In 2015, the Content Marketing Institute discovered that despite 76% of B2C marketers reporting that they used content marketing, only 37% said their strategy was effective. And the story was no different for B2B marketers, with less than half (44%) claiming they had no clarity in what effective content marketing looks like. This was not ideal, considering successful content marketing is the gateway to high levels of consumer engagement; something which the Content Marketing Institute claim was cited the most (91%) by businesses talking about their goals.
With this in mind, this blog post focuses on the effectiveness of the Content Funnel; a five-stage concept which will help you to deliver the right level of content at the right time to prospective customers, who, if all goes to plan, will turn into loyal customers. Here’s how it works… (and for the purpose of demonstration, let’s call our prospective customer Dave.)
Step one: getting potential customers ‘on the radar’
Step one is all about AWARENESS.
Dave is interested in buying a brand-new TV. Having gained a general idea about the features he wants, he’s landed on your website. Determined not to miss out on your latest deals, Dave subscribes to your mailing list and likes your Facebook page.
That’s it, you’ve got him – stage one is complete.
Step one content:
Once a prospective customer is on your radar, it’s time to create content that feeds the spark and continues to engage the customer without forcing a sale (that’ll come naturally later).
Warm welcome emails work well if they include lots of calls to actions, or perhaps you could extend a special offer across social media.
Step two: The ‘toying with the idea’ phase
Step two is the CONSIDERATION stage.
Dave has found the perfect TV on your website but it’s expensive; can he justify exceeding his budget for a few extra features and screen inches?
Luckily for you, Dave has been actively trying to learn more about your business and has concluded that you are a trustworthy brand which clearly knows its stuff.
Step two content:
The reason Dave concludes you’re clued up about the TV industry is because of your Q&A pages, blog posts, product highlight videos and detailed product descriptions.
When your customer hits step two, this is the ideal time to consider voucher codes and offers, as long as you’re not overdoing it and coming across too forceful. It’s also a really good time to think about customer reviews and how best to use them – in many cases it’s simply about giving potential customers access to all customer reviews, and making sure you’re responding to them in a manner that’s on brand.

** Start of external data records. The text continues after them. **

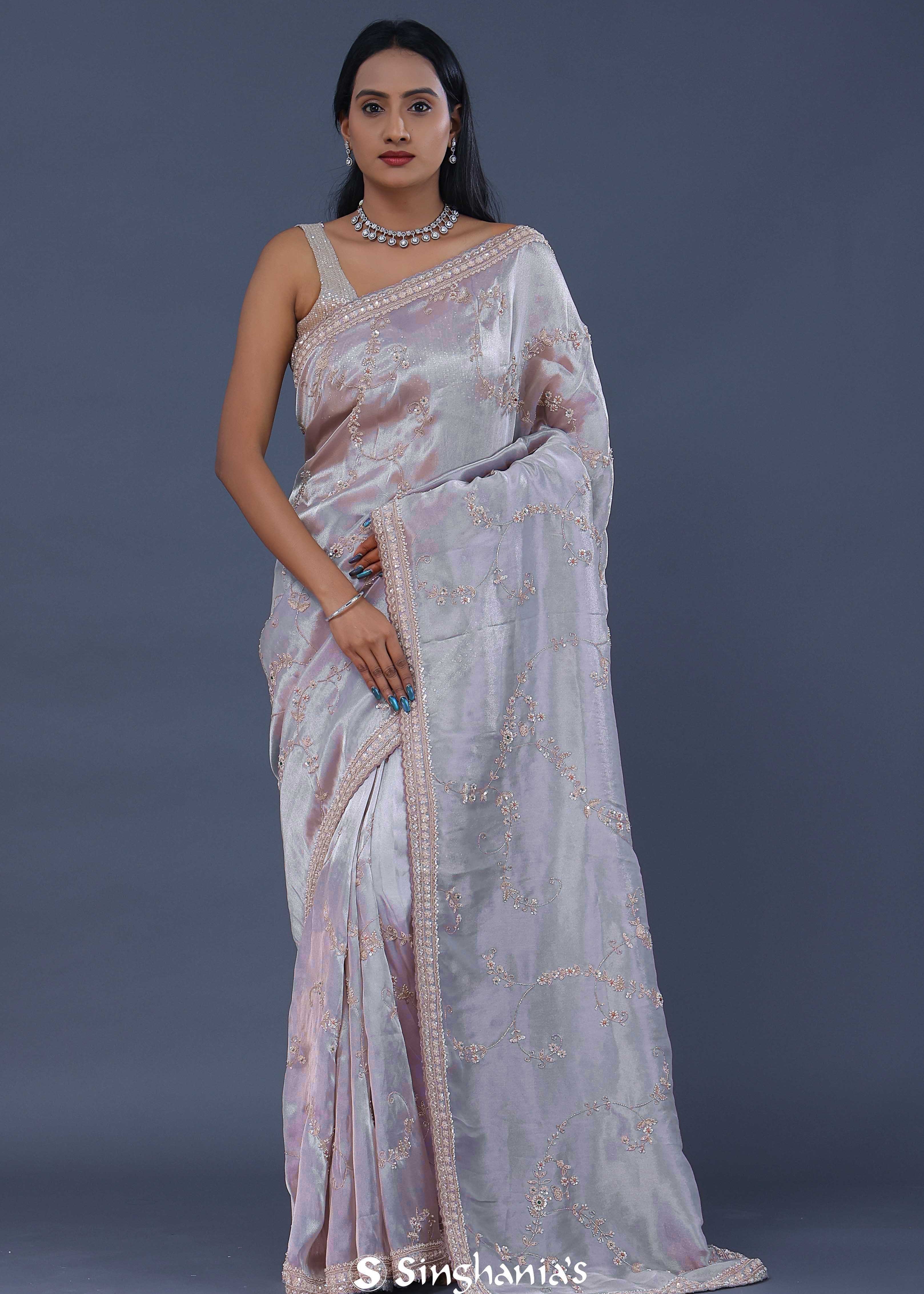 Blueish Silver Tissue Saree With Scallop Border
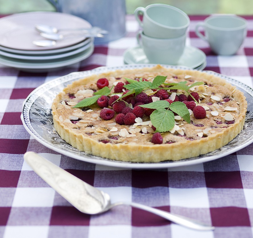 Ripottele piirakkapohjalle suklaarouhetta ja vadelmia. Levitä mantelitäyte päälle ja koristele mantelilastuilla.
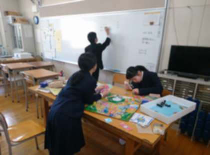 「今日は何をしよう?」という先生の問いかけから授業がスタートしました。色々な意見が出ましたが、相談して「人生ゲーム」をすることにしました。
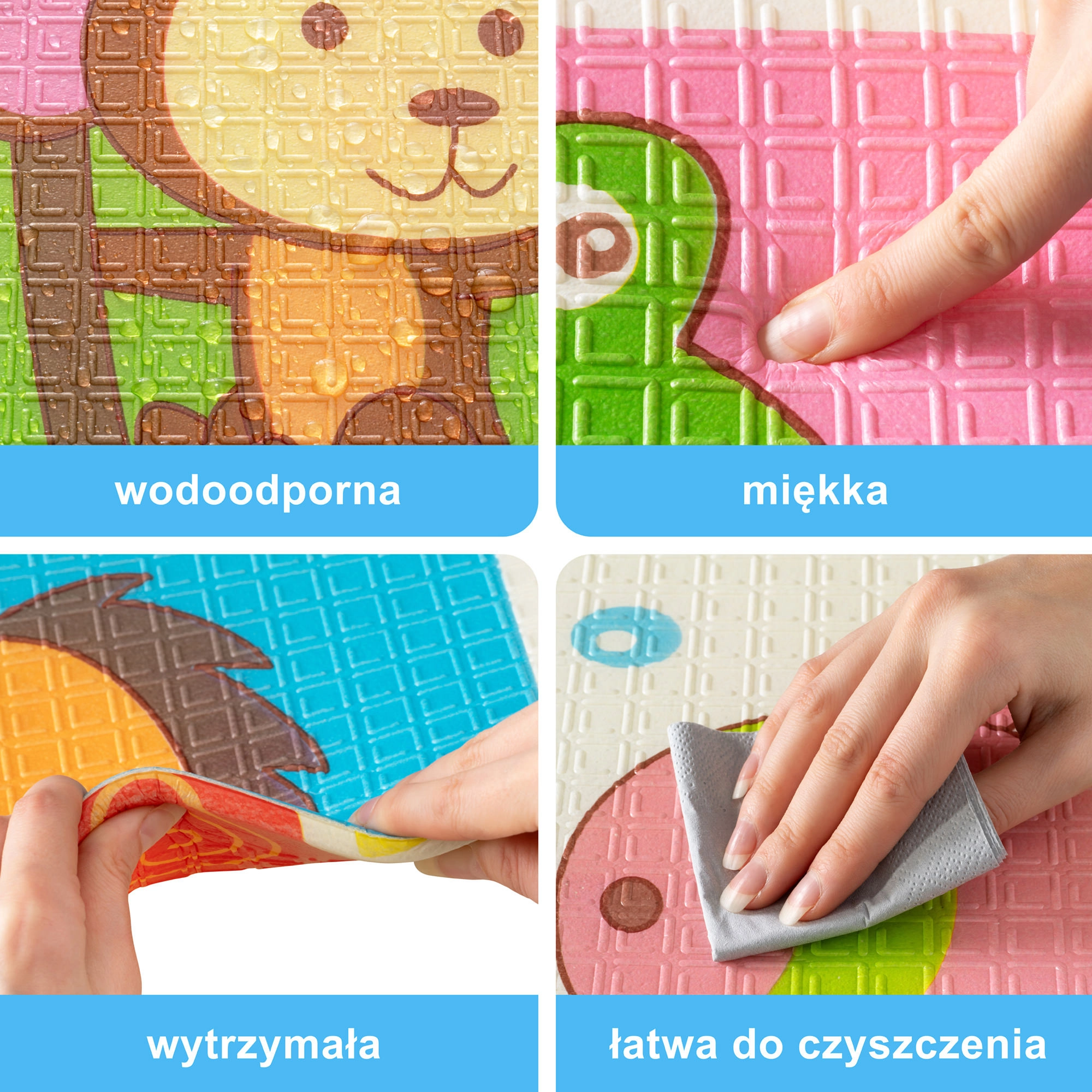Le tapis est 100 % sûr : sans formamide, phtalates, PVC ni BPA, marqué CE et conforme aux normes européennes EN71-1, EN71-2, EN71-3 ainsi qu’à REACH. Idéal dès la naissance pour jouer au quotidien à la maison comme en extérieur – dans la chambre d’enfant, le salon, sur le balcon ou au jardin.
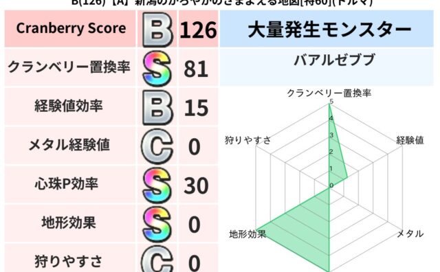 クランベリーボット判定結果の詳細クランベリースコア:126クランベリー置換率:81%大量発生モンスター:バアルゼブブドルマ超耐性(0%)こころ道 完全一致モンスタードロヌーバニンジャ(波道Lv5)かっちゅうアリ魔人(共通Lv1)リカントマム...
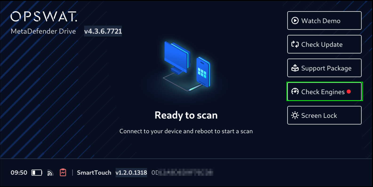 MetaDefender Drive with Smart Touch regularly checks for new engines updates and alerts the user through the Check Engines button when updates are available.
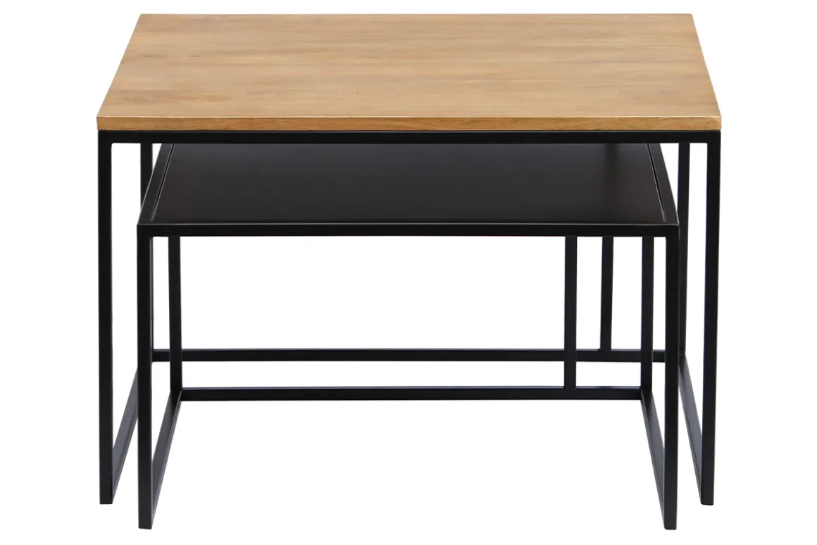 Carrées, leurs lignes sont simples et épurées. Les piétements sont fins et se veulent travaillés dans la continuité des plateaux qu’ils soutiennent. Si l’une arbore un total look métallique noir, l’autre joue la carte du naturel. Avec un plateau en manguier massif, cette seconde table contribue grandement à former un bel ensemble empreint de charme et de cachet.
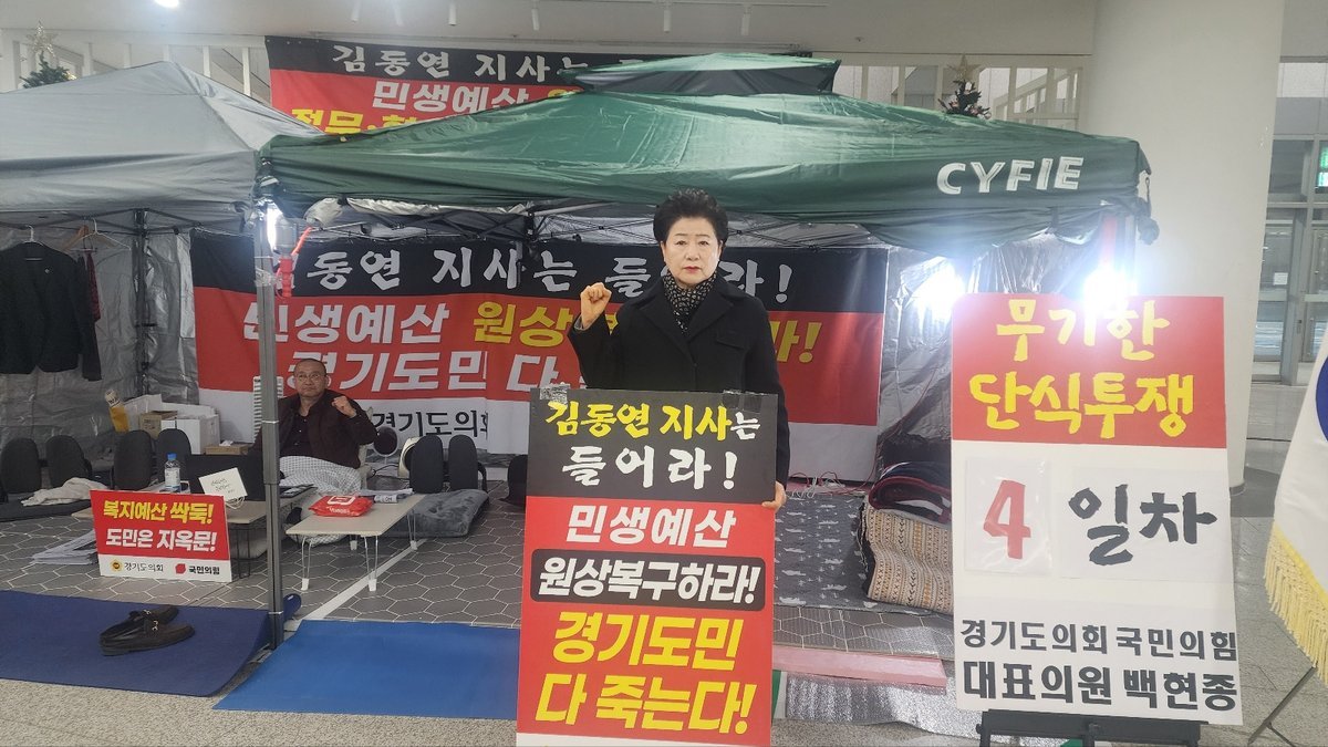 [한국Q뉴스] 경기도의회 경제노동위원회 남경순 의원은 28일 민생예산 원상복구’를 촉구하며 단식 4일 차에 돌입한 백현종 경기도의원의 농성장을 직접 방문해 격려와 강력한 지지 의사를 밝혔다.

Step three: ‘The moment of truth’
Step three is the DECISION.
Dave has used the information he’s gathered in the first two stages of his journey to decide that, indeed, it is the TV he’d like to purchase.
Step three content:
Although you’ve successfully gained a new customer, your content shouldn’t stop providing value after the purchase is made.
Instead, you should use content to help your new customer get the most out of their new product/service e.g. through case studies, ‘how-to’ videos, testimonials and best practice guides etc.
Step four: ‘Make it or break it’
Step four is known as the POST-PURCHASE stage.
It’s been a few weeks since Dave’s purchase but he still regularly checks your social media pages and reads your email newsletters. When he was reading through your latest posts, he spotted a DVD player which he would like to purchase.
Thanks to engaging in regular content, Dave isn’t considered a ‘one-time purchaser’, he’s in fact turned into a frequent customer or repeat buyer.
Step four content:
The post-purchase stage is the vital opportunity to connect with your audience and keep them interested in your brand. It’s all about becoming a resource in your marketplace through leadership pieces, newsletters, webinars and frequent social media posts, so that consumers stay engaged and in turn make more purchases from your brand.
Step five: Rekindle!
Step five is when the dreaded DORMANCY occurs.
Time has passed and Dave has lost touch with your brand. The emails are no longer of interest and have sometimes made their way into Dave’s spam folder. You’re no longer top of Dave’s mind when it comes to electronic goods.
This situation is far from ideal – especially since you were so successful in engaging with Dave in the right ways throughout the previous four stages; it’s time to win him back!
Step five content:
To rekindle with previous customers, you need to examine your buyers’ preferences and purchasing behaviours to review any changes. It’s then time to reword, restructure or revitalise your content to ensure you’re offering new value.
Make sure your content is current and relatable and then it’s time to begin the whole cycle again with brand-new prospective customers. Now you now the steps, getting cracking on your content planning.